===== Information supplied
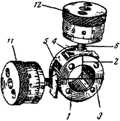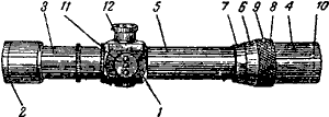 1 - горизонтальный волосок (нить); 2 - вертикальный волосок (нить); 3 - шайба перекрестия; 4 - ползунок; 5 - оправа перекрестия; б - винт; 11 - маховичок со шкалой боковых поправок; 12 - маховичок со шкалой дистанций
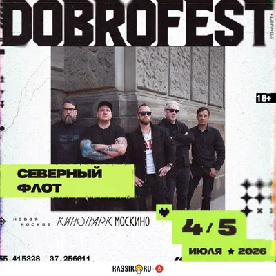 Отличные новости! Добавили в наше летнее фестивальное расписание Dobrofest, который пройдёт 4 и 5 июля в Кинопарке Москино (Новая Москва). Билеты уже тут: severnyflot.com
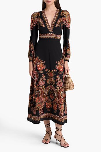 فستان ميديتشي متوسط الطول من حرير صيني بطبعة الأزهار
==========
Return the data verbatim, leaving out the pictures it holds.

Solution for this exercise:
 1 - горизонтальный волосок (нить); 2 - вертикальный волосок (нить); 3 - шайба перекрестия; 4 - ползунок; 5 - оправа перекрестия; б - винт; 11 - маховичок со шкалой боковых поправок; 12 - маховичок со шкалой дистанций
 Отличные новости! Добавили в наше летнее фестивальное расписание Dobrofest, который пройдёт 4 и 5 июля в Кинопарке Москино (Новая Москва). Билеты уже тут: severnyflot.com
 فستان ميديتشي متوسط الطول من حرير صيني بطبعة الأزهار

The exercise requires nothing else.